**DATA SHOWN**
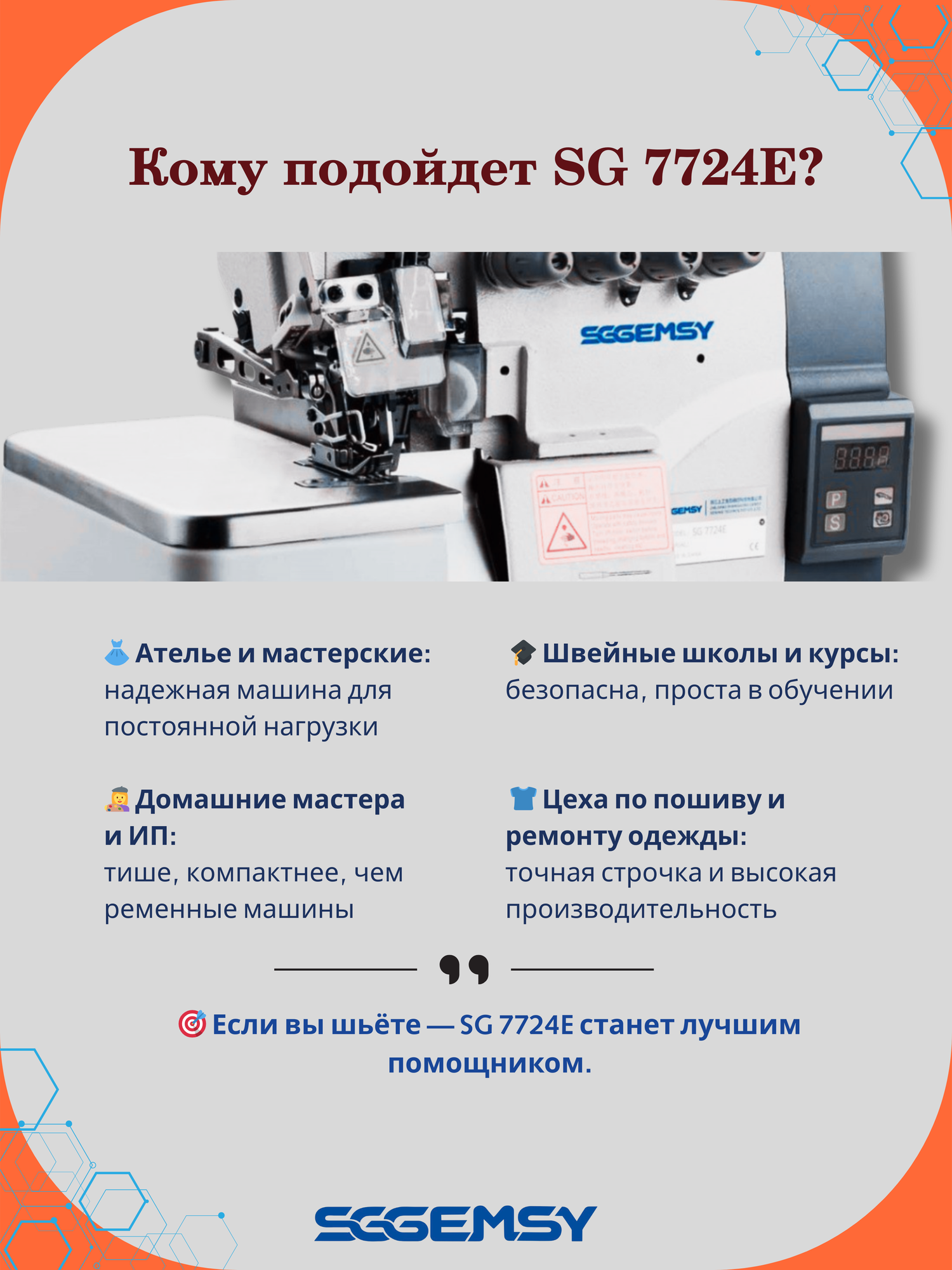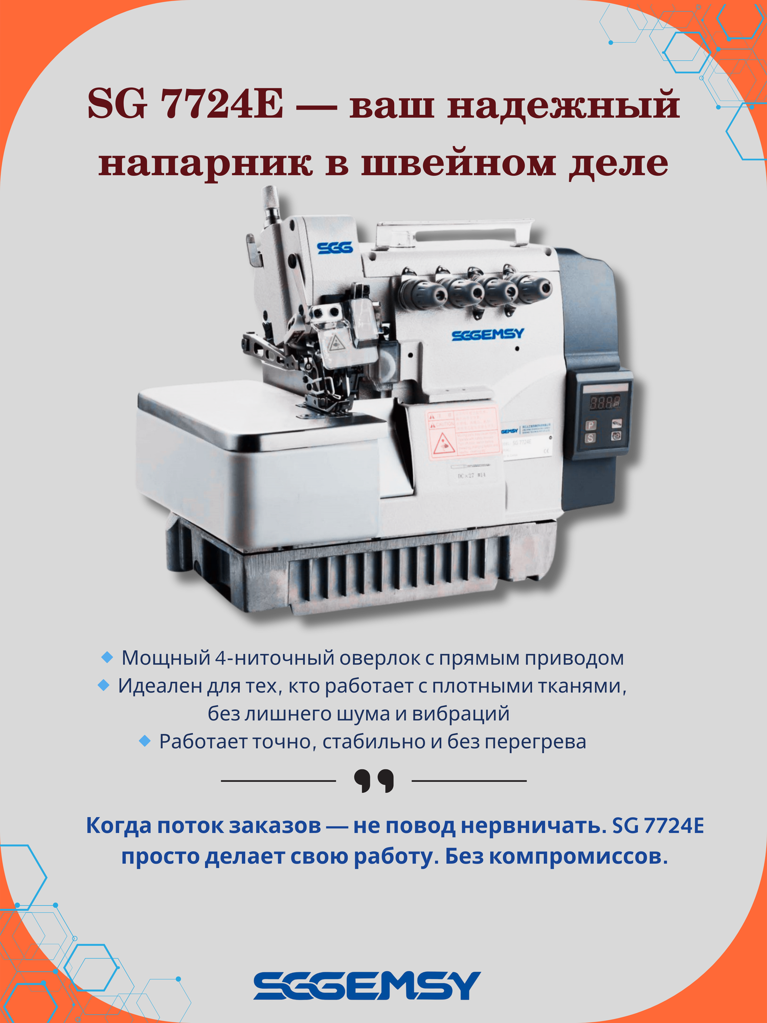 4-х ниточный 2-х игольный краеобмёточный оверлок SGGEMSY SG7724E для лёгких и средних материалов со встроенным мотором прямого привода (со столом в комплекте)
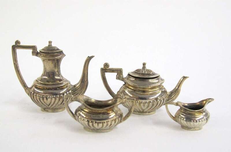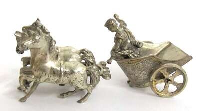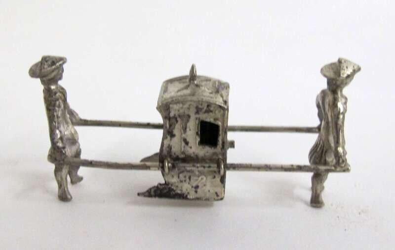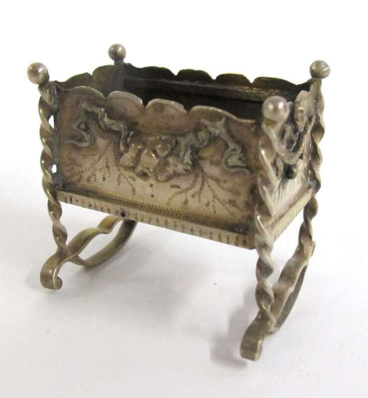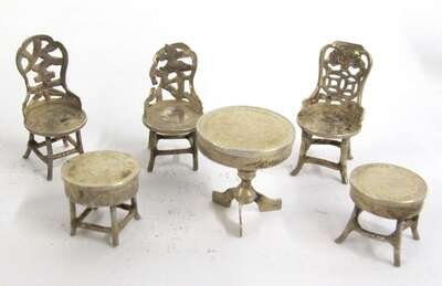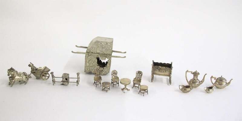 Including a German silver Chinese sedan with Hanau marks; a smaller Chinese sedan, probably Dutch; a German silver chariot led by three horses; a miniature tea and coffee service with creamer and sugar by P.H. Vogel & Co., London, 1965-66; three chairs and three tables inset with Chinese coins, early 20th century; a crib with maker's marks rubbed, and other miscellaneous items. (18).
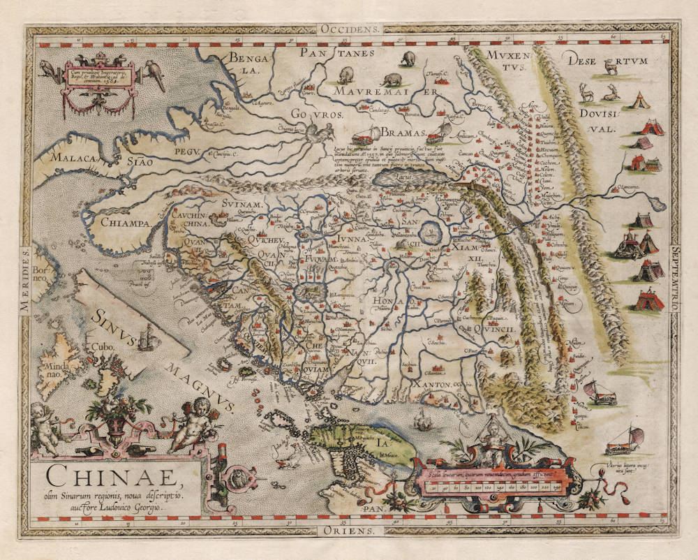 A seminal map of China published by Ortelius from 1584 onwards. The map had been compiled by Luiz Jorge de Barbuda, a Portuguese Jesuit missionary. West is at the top of the map. Three decorative cartouches. Pictures of Tartarian wagon-dwellers, sailing wagons, elephants and reindeer fill the unknown areas north and east of China.
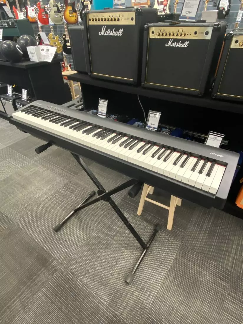 If you've dreamed of having a piano in your home but don't have the space or budget for a full-sized instrument, your wait is over. The affordable FP-30 offers Roland's acclaimed sound, feel, and modern features in a top-quality 88-note instrument that fits any space with ease. Light and portable, it's a great fit for performing players and music classrooms as well. Adding in numerous sounds beyond the piano, built-in practice and recording functions, and Bluetooth wireless support for working with popular music apps, the FP-30 delivers a premium musical experience previously unattainable in such a streamlined package.
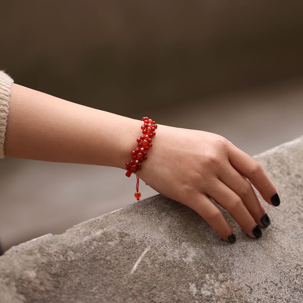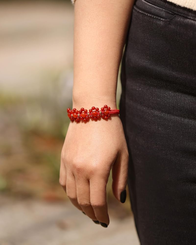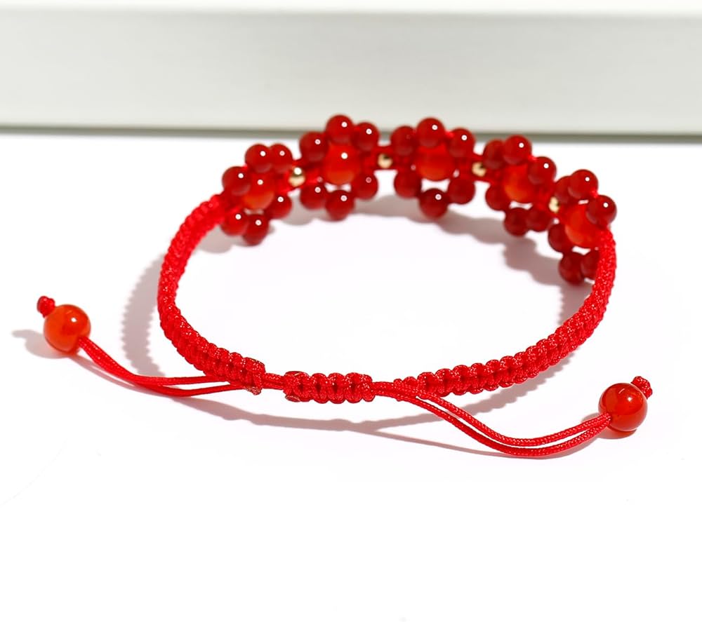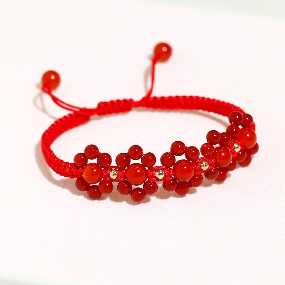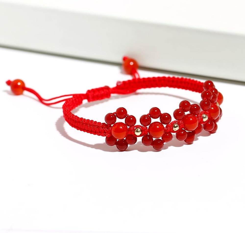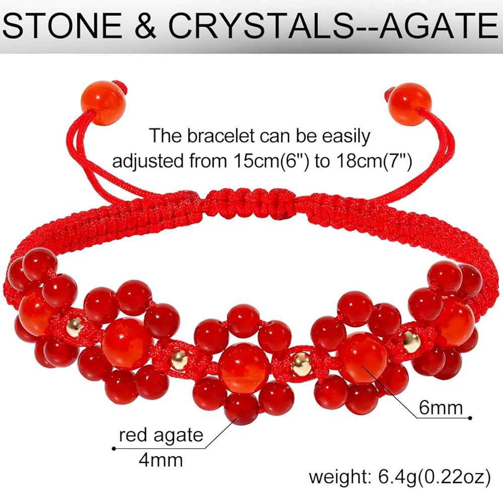 المواد: العقيق الأحمر الطبيعي، قطر الخرزة: 4 مم (0.16 بوصة)، 6 مم (0.23 بوصة)، عقدة الانزلاق القابلة للتعديل تسمح لمعظم الأشخاص بالحصول على ملاءمة مثالية، ويمكن تعديل السوار بسهولة من 15 سم (6 بوصات) إلى 18 سم ( 7 بوصات)، الوزن: 6.4 جم (0.22 أونصة)؛
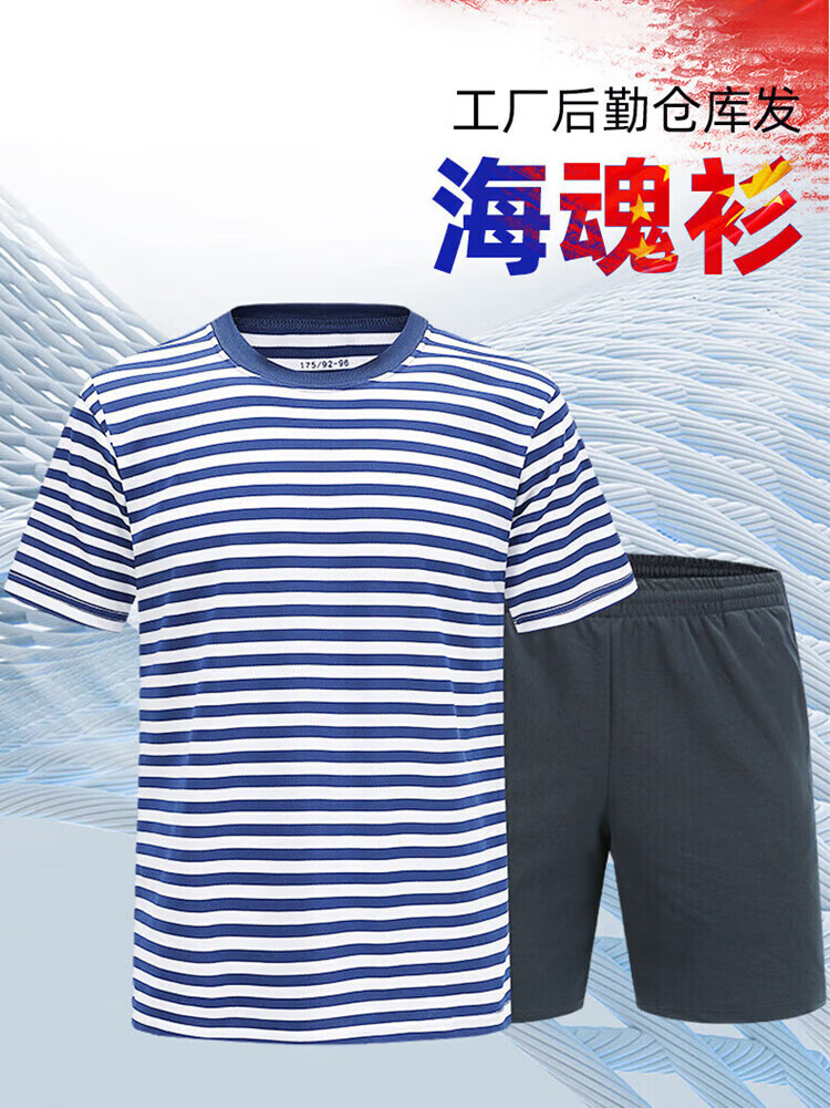 Jihua Bei Xu Haihun shirt men's physical fitness training clothes short-sleeved suit summer quick-drying shorts sportswear striped round neck T-shirt men's Haihun single top 175/92-96
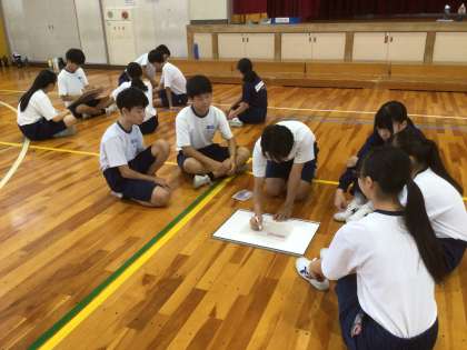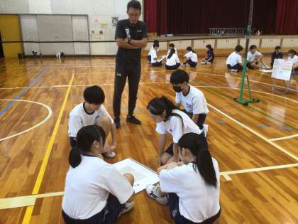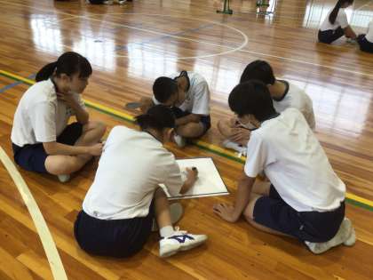10/9(水)授業の様子1 公開日 2024/10/09 更新日 2024/10/09 輝く朝中生! 31・32学級の体育です。ソフトバレーボールに取り組んでいます。チームで、目指すべきプレーについて話し合っています。 3年
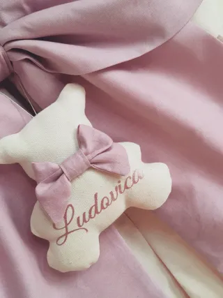 Fiocco nascita realizzato a mano, perfetto per accogliere un nuovo arrivo. - Decorato con un tenero orsetto. - Nome personalizzabile. - Realizzato in tessuto color rosa cipria e avorio.
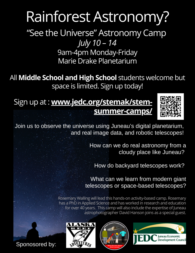 Learn astronomy basics while exploring the universe using real image data and robotic telescopes. How can we do real astronomy from a cloudy place like Juneau? How do backyard telescopes work? What can we learn from modern giant telescopes or space-based telescopes?
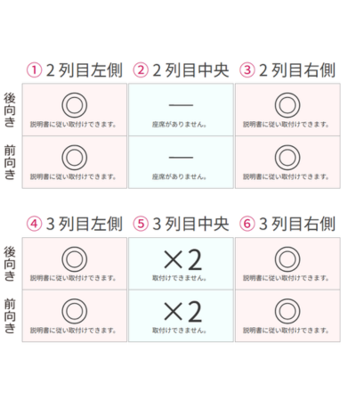 購入前に使用予定の車種、使いたい座席に取付できるかを各メーカーサイトや店頭で確認しましょう
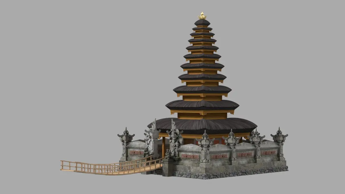 "A detailed prop based on the revered Pura Jati Batur, capturing spiritual energy and historical grandeur. Ideal for religious scenes, heritage landscapes, or cinematic moments.

**TASK BRIEF**
Output exactly the lines above, from the line with "Including a German" to the line with "If you've dreamed", both included; skip the pictures.

**EXPECTED OUTPUT**
 Including a German silver Chinese sedan with Hanau marks; a smaller Chinese sedan, probably Dutch; a German silver chariot led by three horses; a miniature tea and coffee service with creamer and sugar by P.H. Vogel & Co., London, 1965-66; three chairs and three tables inset with Chinese coins, early 20th century; a crib with maker's marks rubbed, and other miscellaneous items. (18).
 A seminal map of China published by Ortelius from 1584 onwards. The map had been compiled by Luiz Jorge de Barbuda, a Portuguese Jesuit missionary. West is at the top of the map. Three decorative cartouches. Pictures of Tartarian wagon-dwellers, sailing wagons, elephants and reindeer fill the unknown areas north and east of China.
 If you've dreamed of having a piano in your home but don't have the space or budget for a full-sized instrument, your wait is over. The affordable FP-30 offers Roland's acclaimed sound, feel, and modern features in a top-quality 88-note instrument that fits any space with ease. Light and portable, it's a great fit for performing players and music classrooms as well. Adding in numerous sounds beyond the piano, built-in practice and recording functions, and Bluetooth wireless support for working with popular music apps, the FP-30 delivers a premium musical experience previously unattainable in such a streamlined package.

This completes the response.